(Saved data entries)
---*---

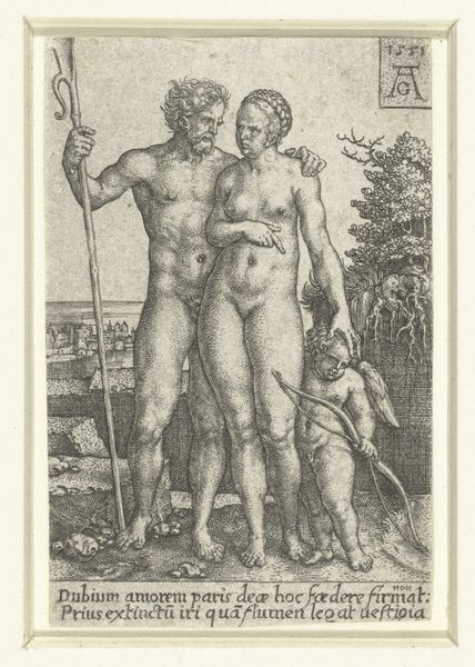 Editor: This is Dirck Volckertsz Coornhert's "Adam and Eve," an engraving from 1551, currently housed in the Rijksmuseum. What strikes me is the almost sculptural quality of Adam and Eve themselves, but I am unsure how to connect that observation with the scene and overall piece. What's your read? Curator: A fitting observation, actually! It's impossible to divorce this work from its historical context. Think about the Reformation brewing at this time, challenging established institutions and demanding a return to origins. Consider how this scene would resonate with those seeking to re-examine faith. Editor: I see, the image gains more importance through the lens of religious transformation. Is there more in terms of its place in art history and reception, especially considering its style? Curator: Precisely! The Mannerist style, with its distorted proportions and dramatic poses, was very much in vogue, often serving to display an erudite artistic knowledge, which reflected a sense of learnedness back to the patrons, the audience and even the location the art inhabited. Editor: Fascinating! It’s a confluence of religious upheaval and artistic performance. Curator: Yes, the engraving’s distribution also speaks volumes. Prints made the narrative accessible. Would you agree this re-contextualizes the artwork, its meaning, reception, and purpose? Editor: Absolutely! The choice of a reproducible medium democratizes access to this scene and adds new layers to interpretation beyond pure artistic merit. This print highlights an intent that ties to an historical movement. Curator: Exactly, and remembering the socio-political moment surrounding its distribution enriches our modern understanding, too. Editor: Thanks, this gives me a totally different insight on it, beyond just admiring the rendering of the figures.
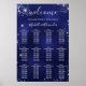 A classic navy blue background, the blue colour is uneven. Decorated with faux silver glitter dust. Personalise and add the name of the bride and groom, add your guests names.
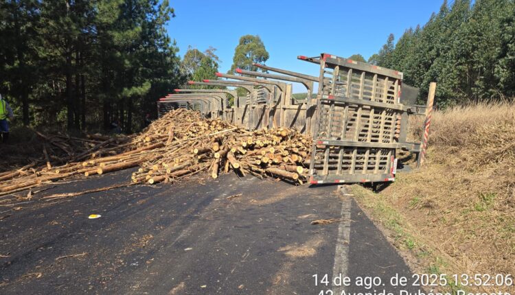 Caminhão tomba após estouro de pneu e interdita PR-239 por mais de quatro horas em Arapoti
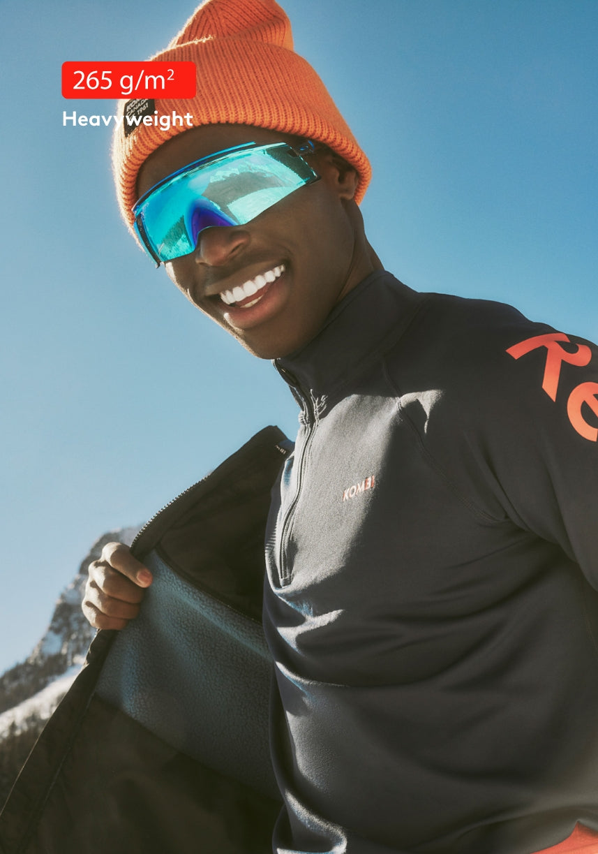 Our proprietary KOMBI MaeTrX RedHEAT™ fabric incorporates naturally-sourced carbon microcrystals.Thanks to this yarn-based technology, our garments retain their effectiveness compared to fabrics that use technical chemicals.
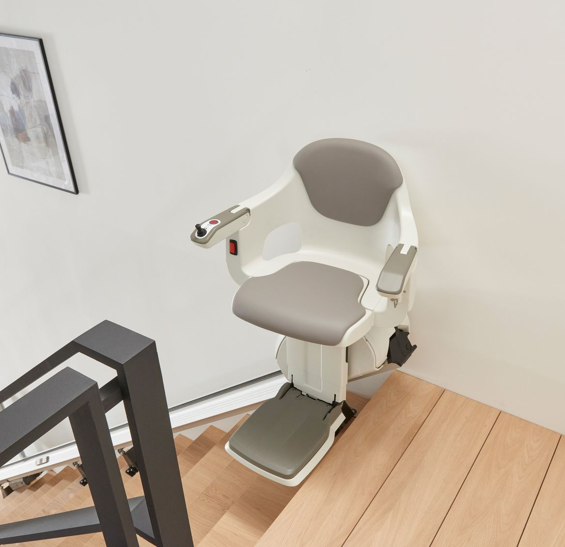 Wenn der Treppenlift nicht benötigt wird, lässt sich der Stuhl, die Armlehnen und das Fußteil hochklappen.

---*---

**Problem requirements**
Copy each line of the records above without change, but do not include any picture.

**Your solution**
 Editor: This is Dirck Volckertsz Coornhert's "Adam and Eve," an engraving from 1551, currently housed in the Rijksmuseum. What strikes me is the almost sculptural quality of Adam and Eve themselves, but I am unsure how to connect that observation with the scene and overall piece. What's your read? Curator: A fitting observation, actually! It's impossible to divorce this work from its historical context. Think about the Reformation brewing at this time, challenging established institutions and demanding a return to origins. Consider how this scene would resonate with those seeking to re-examine faith. Editor: I see, the image gains more importance through the lens of religious transformation. Is there more in terms of its place in art history and reception, especially considering its style? Curator: Precisely! The Mannerist style, with its distorted proportions and dramatic poses, was very much in vogue, often serving to display an erudite artistic knowledge, which reflected a sense of learnedness back to the patrons, the audience and even the location the art inhabited. Editor: Fascinating! It’s a confluence of religious upheaval and artistic performance. Curator: Yes, the engraving’s distribution also speaks volumes. Prints made the narrative accessible. Would you agree this re-contextualizes the artwork, its meaning, reception, and purpose? Editor: Absolutely! The choice of a reproducible medium democratizes access to this scene and adds new layers to interpretation beyond pure artistic merit. This print highlights an intent that ties to an historical movement. Curator: Exactly, and remembering the socio-political moment surrounding its distribution enriches our modern understanding, too. Editor: Thanks, this gives me a totally different insight on it, beyond just admiring the rendering of the figures.
 A classic navy blue background, the blue colour is uneven. Decorated with faux silver glitter dust. Personalise and add the name of the bride and groom, add your guests names.
 Caminhão tomba após estouro de pneu e interdita PR-239 por mais de quatro horas em Arapoti
 Our proprietary KOMBI MaeTrX RedHEAT™ fabric incorporates naturally-sourced carbon microcrystals.Thanks to this yarn-based technology, our garments retain their effectiveness compared to fabrics that use technical chemicals.
 Wenn der Treppenlift nicht benötigt wird, lässt sich der Stuhl, die Armlehnen und das Fußteil hochklappen.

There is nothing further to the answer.